DOMENGHINI, IL RISCATTO
Angelo Domenghini, al Cagliari assieme a Gori e Poli in cambio di Boninsegna: cosa pensò appena atterrato in Sardegna?
«Ero un professionista, il mio primo pensiero fu quello di gettarmi a capofitto in questa nuova avventura con l'obiettivo di far bene e prendermi una rivincita sull'Inter, che non aveva creduto in me. Sbagliando».

Come si ambientò nello spogliatoio del Cagliari?
«Bene, molto bene. Quello era un grande gruppo, ed io contribuii con la mia esperienza e la mia voglia di rivalsa: avevo ancora fame di vittorie dopo i successi con l'Inter (due scudetti, una Coppa dei Campioni, due Coppe Intercontinentali, ndr) e la Nazionale (in gol nella vittoriosa finale dell'Europeo '68, ndr). Mi misi a disposizione dell'allenatore, ed i risultati mi diedero ragione».

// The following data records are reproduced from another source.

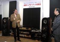 会場は多くのオーディオ、音楽愛好家で賑わい、開始当初から50席近く用意されたイスは満席となり立ち見客も多く大盛況であった。
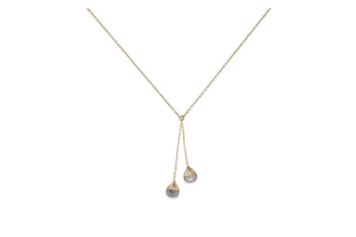 This elegant Adara drop necklace is handmade from natural Labradorite stones beautifully bound in 22 karat gold. The stones are cut and polished by hand by talented artisans working as part of a fair-trade enterprise in Rajasthan. Each piece is presented in a beautiful suede pouch.
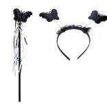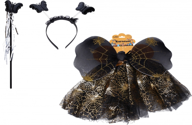 Štýlový karnevalový set pre malé víly a motýlikov v elegantnej čiernej farbe. Obsahuje všetko potrebné na rýchlu premenu: krídla, sukňu (dĺžka 29 cm), kúzelnú paličku a čelenku. Ideálny na karneval, maškarný bál aj rozprávkové kostýmy.
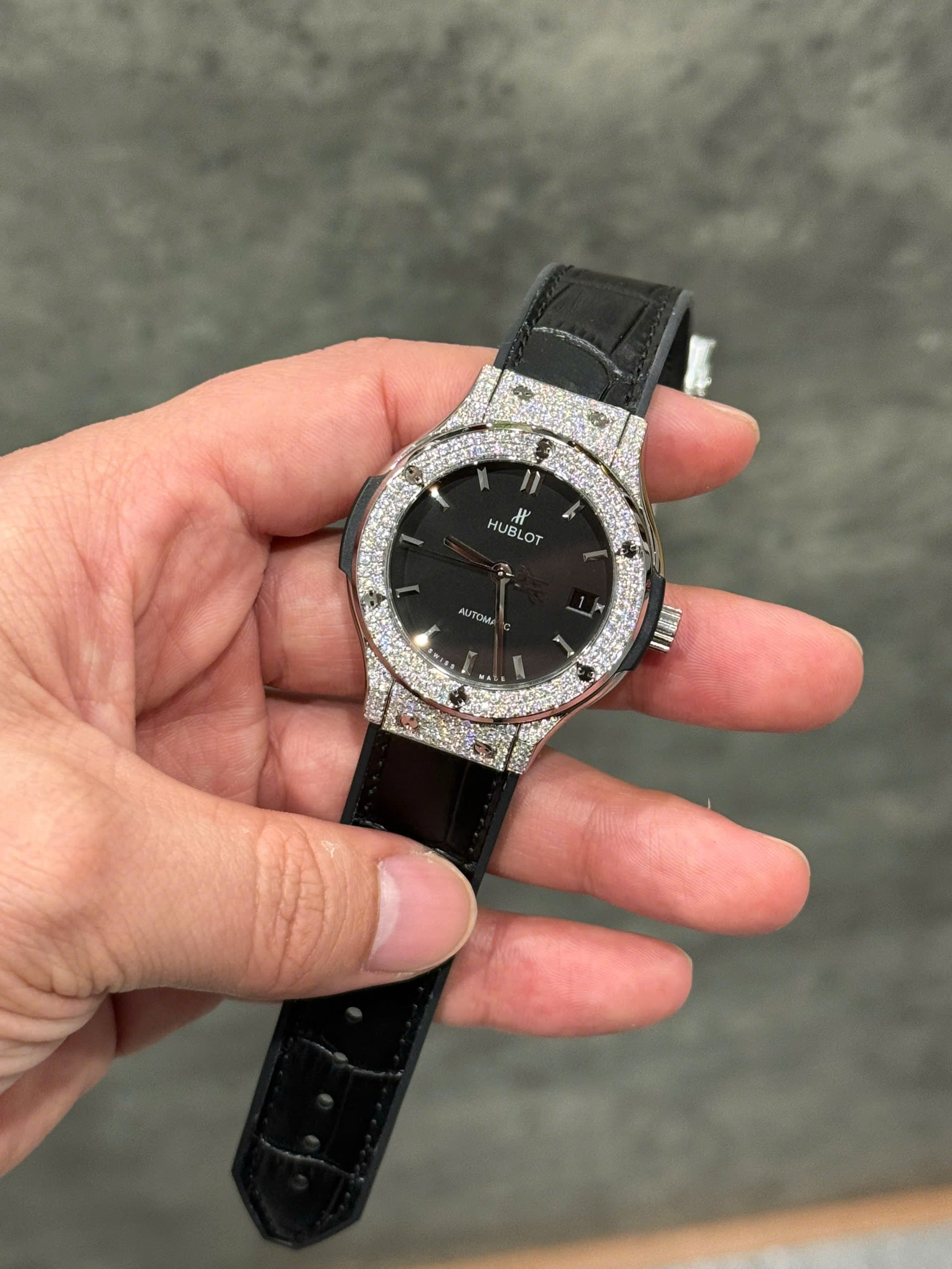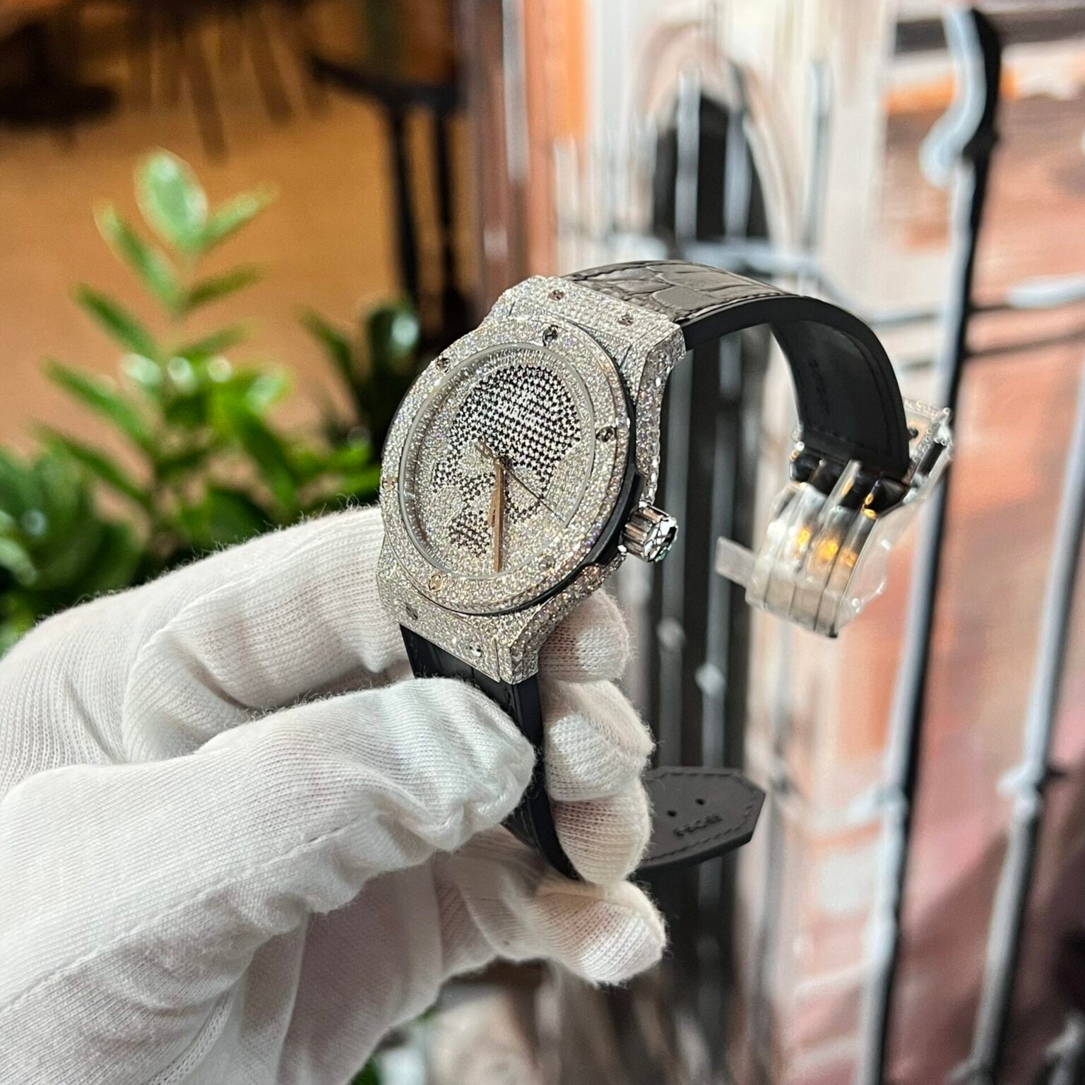 Hublot Classic Fusion Titanium Swiss 1:1 Watch Black Dial Custom Moissanite Diamonds 42mm
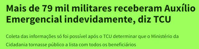 – Neste governo, mais de 06 mil militares ocupam postos na administração civil, e a propalada competência militar produziu o caos em que vivemos. Assim como sua proverbial honestidade foi pras cucuias: 79.000 milicos receberam Auxílio Emergencial indevidamente…

L'allenatore: Manlio Scopigno. Che uomo era?
«Una brava persona, senza dubbio. Grande conoscitore di calcio, ci metteva poco a capire come farci rendere al meglio in campo».

Scopigno è noto soprattutto per l'appellativo di allenatore filoso e le battute dissacranti, ma era un gran tecnico. Ci dica, come giocava il Cagliari campione d'Italia?
«Nessun tatticismo esasperato, a quei tempi il gioco era più semplice: si marcava a uomo, e chi vinceva il duello individuale vinceva la partita. Io agivo sulla destra, mentre Gori era il perno centrale dell'attacco e Riva, leggermente decentrato sulla sinistra, con i suoi micidiali tagli metteva in crisi le difese avversarie. Poi le tre mezze ali Nené, Greatti e Cera, i due stopper Niccolai e Martiradonna, Zignoli o Mancin e Tomasini libero. Quando si fece male lui, Scopigno arretrò Cera in difesa ed inserì a centrocampo Brugnera, che era un grandissimo fantasista. Un giocatore fantastico, la cui qualità giovò sensibilmente alla manovra della squadra, che era finalizzata a mettere Riva nelle condizioni migliori per far gol: ne mise dentro 21, e vincemmo lo scudetto».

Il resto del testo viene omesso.